Chaos in CI (the underrated pattern)
Run small, deterministic chaos on every PR. Catches resilience regressions at code-review time.
# .github/workflows/chaos-ci.yml
name: Chaos in CI
on: pull_request
jobs:
chaos-test:
runs-on: ubuntu-latest
steps:
- uses: actions/checkout@v4
- name: Spin up service + dependencies
run: docker compose up -d
- name: Wait for healthy state
run: ./scripts/wait-for-healthy.sh
- name: Inject DB latency for 60s, run integration tests
run: |
docker compose exec postgres tc qdisc add dev eth0 root netem delay 200ms
npm run test:integration
docker compose exec postgres tc qdisc del dev eth0 root netem
- name: Inject 5% error rate from payment-mock
run: |
docker compose exec payment-mock toxiproxy-cli toxic add \
-t error -a rate=0.05 payment
npm run test:integration Now any PR that introduces a regression in retry/timeout handling fails CI. The test catches it before code reaches review.
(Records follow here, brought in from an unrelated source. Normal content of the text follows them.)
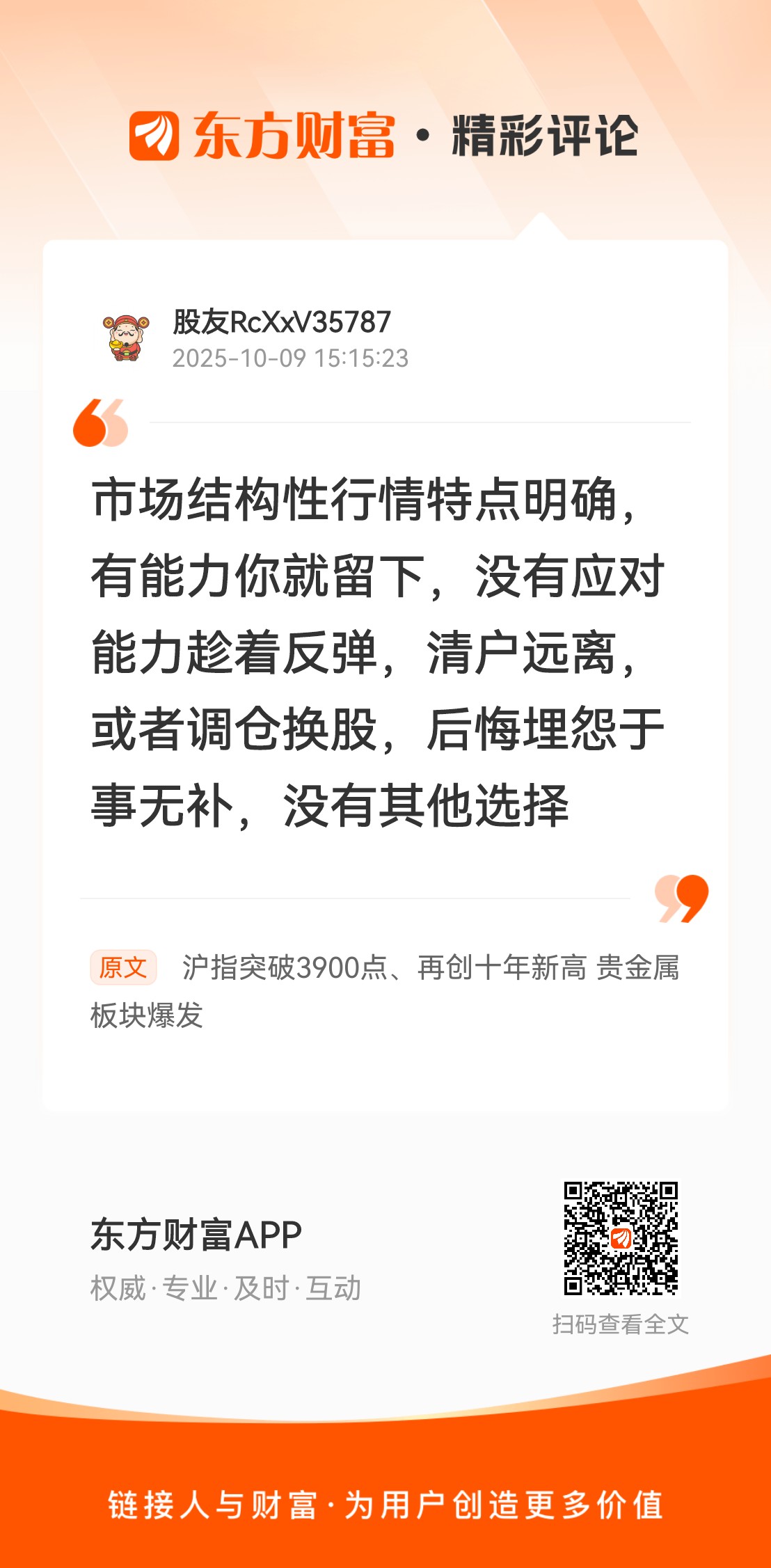 市场结构性行情特点明确,有能力你就留下,没有应对能力趁着反弹,清户远离,或者调仓换股,后悔埋怨于事无补,没有其他选择 我在《沪指突破3900点、再创十年新高 贵金属板块爆发》的评论获得了大家的关注。
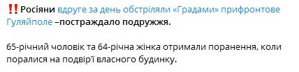 В воскресенье, 7 апреля, россияне дважды за день обстреляли "Градами" Гуляйполе в Запорожской области.
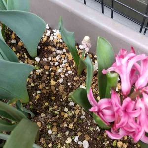 1月8日購入して、2月末まで球根を水苔に包んだちっちゃい容れ物のまま野菜室。2月末から鹿沼土に植え込み、上に水苔少々。乾いたら霧吹きでお水🚿4本も芽が出た🤩あと1個、諦めず待ちます☺️
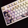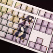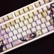 This mechanical keycaps set features various prints of Ono Tsukuyo from the game "Blue Archive" that are bound together with pink yellow and white colouring, combined with Backlit keycaps, Ono Tsukuyo illuminates when LEDs pass through the keycaps.
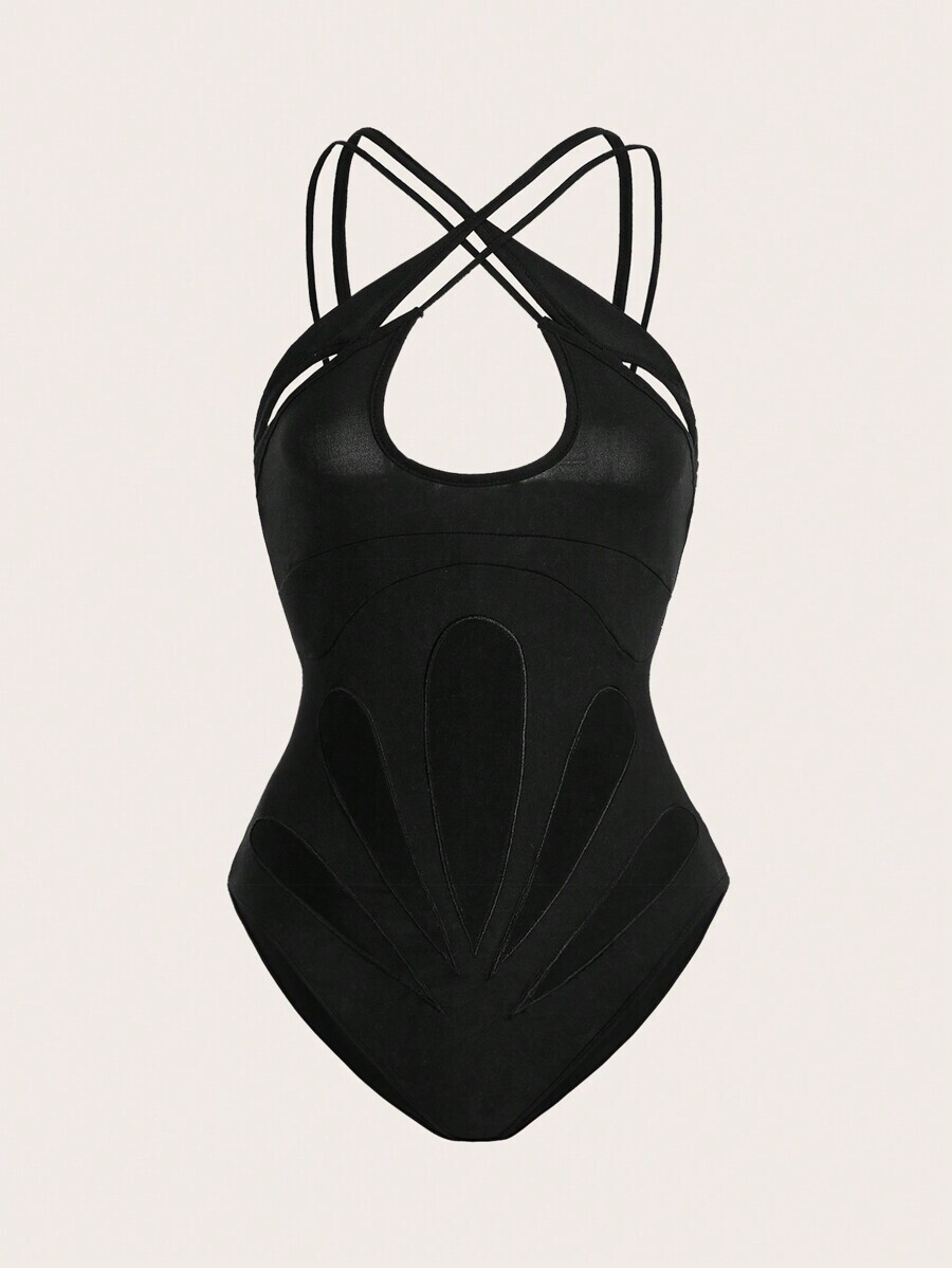 - ボディスーツ クロスストラップ 2 1 スリムフィット メッシュ素材 ボディースーツ
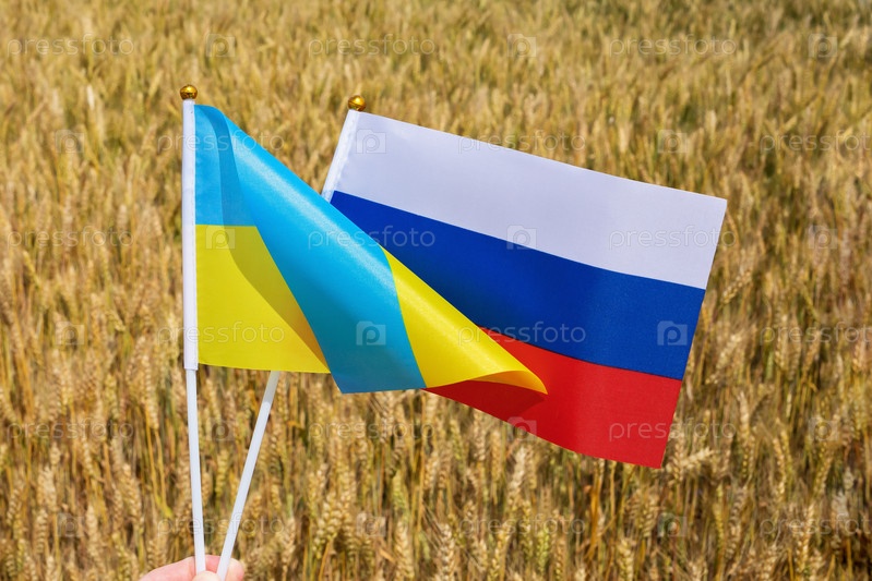 Два флага в руках на фоне поля с пшеницей, концепция на тему зерновой сделки между Украиной и Россией

What chaos engineering won’t tell you
It is not a replacement for:
- Capacity planning — chaos doesn’t predict load growth
- Architecture review — chaos finds known failure modes; architecture review finds unknown ones
- Postmortem analysis — chaos validates fixes; it doesn’t generate them
Chaos answers “did the fix work?” Postmortems answer “what’s broken?” Architecture answers “what could be broken?” You need all three.
Stay current
- Principles of Chaos Engineering — the manifesto
- Chaos Mesh docs — CNCF graduated, K8s-native
- LitmusChaos — alternative CNCF chaos platform
- Netflix tech blog — chaos — where the practice was born
Key Takeaways
- Hypothesis-driven, not “break stuff and see”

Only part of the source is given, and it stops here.